Today's pop culture seems to be grievously excited for the zombie apocalypse, but when you step out on campus it appears we might already be in one.
Everyone is carrying a cell phone, and not just holding it. The majority of the time students are barely unfixing their eyes from the screen to navigate obstacles. Generally when I see students socializing on campus they seem to be more concerned about what's lighting up their phone than what the person standing in front of them is saying.

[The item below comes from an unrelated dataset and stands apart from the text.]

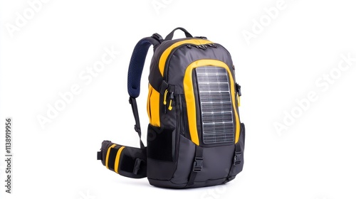 Fototapeta premium Solar-powered backpack designed for outdoor activities and travel.

At some point along the way, "likes" became more important than the actual human reactions of interpersonal experiences, even though a facial expression or vocal infliction carries much more information than a "like" or "re-tweet." I've witnessed dinner dates tweeting pictures of their platters and waiting anxiously for responses online instead of conversing with the date, or even the waiter.
It's a weird world when you think about it, and it actually does resemble-physically and metaphorically -- a zombie infestation. Wikipedia defines a zombie as a "hypnotized person bereft of consciousness and self-awareness," and as I observe my friend texting under the table and watch these students awkwardly stumble about campus, I can't help but think don't they realize how stupid this looks? They hardly look conscious of their surroundings.
Luckily, I think -- or I hope -- I still have some humanity. Sure, there is a lot happening on my iPhone, and I'm buried in it quite a bit, but usually it's work related as opposed to pure socializing.
Google is my best friend when it comes to school work, and it makes my job so much easier, but unequal cellular usage during interactions with friends still catches my attention and compels me to put the device down as long as I'm interested in what said person is saying.
But yes, I also use it as a buffer when I'm not interested. I would like to think this is the case with other people (it's easier than handing out the rejection hotline), but I doubt it is, considering even my best friends will buzz-block me from a conscious and responsive conversation. Either way, it looks quite possible this could be the end of socialization as we know it.